Saturday, July 23, 2011

Olympus E-PL2 (Black, with 14-42mm lens) Review




The good: The E-PL2 delivers excellent photo quality, with an extremely customizable interface.
The bad: Performance has improved, but the E-PL2 still couldn't be classified as fast overall.
The bottom line: A great interchangeable-lens model if you're looking for better photo quality and/or a more advanced feature set than your current point-and-shoot offers, the Olympus PEN E-PL2 still doesn't satisfy for photographing active kids and pets.

For its E-PL2, Olympus makes some design and feature enhancements, as well as performance tweaks, to its PEN E-PL1 Micro Four Thirds camera. The result is a noticeably better camera, delivering better photo quality and an improved shooting experience than its predecessor. The most obvious functional differences to this consumer-focused interchangeable-lens camera (ILC) include a larger LCD, multiple variations for some of the Art Filters, support for the new accessory connector, and redesign of the buttons. It also supports an extra stop of sensitivity, up to ISO 6400.
While ISO 6400 may be mostly unusable--typical of most consumer cameras, the top ISO sensitivity is more of a marketing feature than a real tool--the E-PL2 has a very nice noise profile. It's not quite as good as the Sony Alpha NEX-5, but that seems to be because the lower-resolution images lose sharpness more quickly rather than higher noise incidence. You can shoot pretty comfortably up through ISO 800. At ISO 1600 things start to soften and detail starts to degrade, and color artifacts become readily apparent at ISO 3200. Nor does it clip the shadows as much as a lot of other cameras at higher ISO sensitivities.

Overall, the E-PL2 delivers very nice photo quality, in cases noticeably better than the E-PL1. Olympus seems to have tweaked its default noise reduction parameters: you lose a little sharpness, but the results look more natural. As long as you don't have small details in the image, photos shot even at ISO 3200 can be quite usable.
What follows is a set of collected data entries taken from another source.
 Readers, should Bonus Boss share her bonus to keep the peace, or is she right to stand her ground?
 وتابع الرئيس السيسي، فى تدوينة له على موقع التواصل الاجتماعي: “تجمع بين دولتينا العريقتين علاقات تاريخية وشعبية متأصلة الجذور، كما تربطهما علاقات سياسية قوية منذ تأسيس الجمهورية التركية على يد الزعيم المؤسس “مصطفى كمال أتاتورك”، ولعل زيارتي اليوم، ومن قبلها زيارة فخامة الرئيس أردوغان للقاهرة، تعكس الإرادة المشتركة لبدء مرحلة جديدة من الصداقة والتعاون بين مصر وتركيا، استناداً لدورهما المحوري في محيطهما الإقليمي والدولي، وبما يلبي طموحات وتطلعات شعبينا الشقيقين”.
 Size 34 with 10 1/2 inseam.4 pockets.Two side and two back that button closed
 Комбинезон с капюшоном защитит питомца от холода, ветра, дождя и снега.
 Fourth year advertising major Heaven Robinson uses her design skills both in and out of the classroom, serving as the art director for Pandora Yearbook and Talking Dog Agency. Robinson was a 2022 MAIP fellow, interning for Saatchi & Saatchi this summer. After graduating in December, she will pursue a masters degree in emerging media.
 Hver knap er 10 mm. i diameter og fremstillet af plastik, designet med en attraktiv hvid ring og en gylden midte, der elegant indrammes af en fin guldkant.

The color rendition remains excellent--what little color I could find in the February New York City landscape--and it seems as if the metering has been improved to produce slightly brighter exposures under similar lighting conditions.
The video quality remains satisfactory, but not great; there are a decent set of manual controls for shooting movies, as well as Art Filter support, but there's considerable rolling shutter wobble in all but stationary scenes. The kit comes bundled with a new version of the 14-42mm lens, dubbed MSC, which is designed to operate more quietly when shooting video--it doesn't use any fancy new technologies, just internal focus. And it is quieter. But the continuous autofocus is only a bit less inconsistent than the system of older lens and PEN cameras, with a tendency to continue hunting even on stationary subjects. The lens has a bayonet mount on the front as well for filters and add-ons; Olympus will be adding a line of these types of accessories.
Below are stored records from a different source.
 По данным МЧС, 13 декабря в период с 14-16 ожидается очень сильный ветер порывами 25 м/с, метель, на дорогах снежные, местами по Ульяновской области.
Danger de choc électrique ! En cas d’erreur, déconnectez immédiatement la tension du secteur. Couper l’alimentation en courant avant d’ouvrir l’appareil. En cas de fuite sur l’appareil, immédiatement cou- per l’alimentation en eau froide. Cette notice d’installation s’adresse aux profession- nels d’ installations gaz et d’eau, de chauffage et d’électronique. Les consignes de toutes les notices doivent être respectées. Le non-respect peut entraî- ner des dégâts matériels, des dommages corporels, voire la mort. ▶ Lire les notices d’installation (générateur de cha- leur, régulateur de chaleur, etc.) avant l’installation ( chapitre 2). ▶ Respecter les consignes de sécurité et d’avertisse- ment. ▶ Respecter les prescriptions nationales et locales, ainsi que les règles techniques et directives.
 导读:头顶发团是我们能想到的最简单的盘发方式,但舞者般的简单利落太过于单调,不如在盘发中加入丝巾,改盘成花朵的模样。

The performance improvement was one of the E-PL2's nicest surprises, especially given how little the inner hardware has changed. Though I still wouldn't say the camera's fast, Olympus has brought its autofocus speed up to where it should be; unfortunately, the image processing still bogs it down somewhat, keeping shot-to-shot times in passable-but-annoying territory. It's relatively zippy on start-up--0.8 second to power on, focus, and shoot--and its shot lag of 0.4 second in bright light and 0.7 second in dim brings it right into line with the faster cameras in its class. But while it's faster than previous PEN models at firing two sequential shots, its 1.3-second shot-to-shot time (1.7 seconds with flash) is still on the high side. And despite a respectable 3.1fps burst rate, the autofocus system hasn't improved enough to keep up satisfactorily with a moving subject.
The LCD is a nice upgrade from the earlier models, bright and crisp, and better for manual focusing.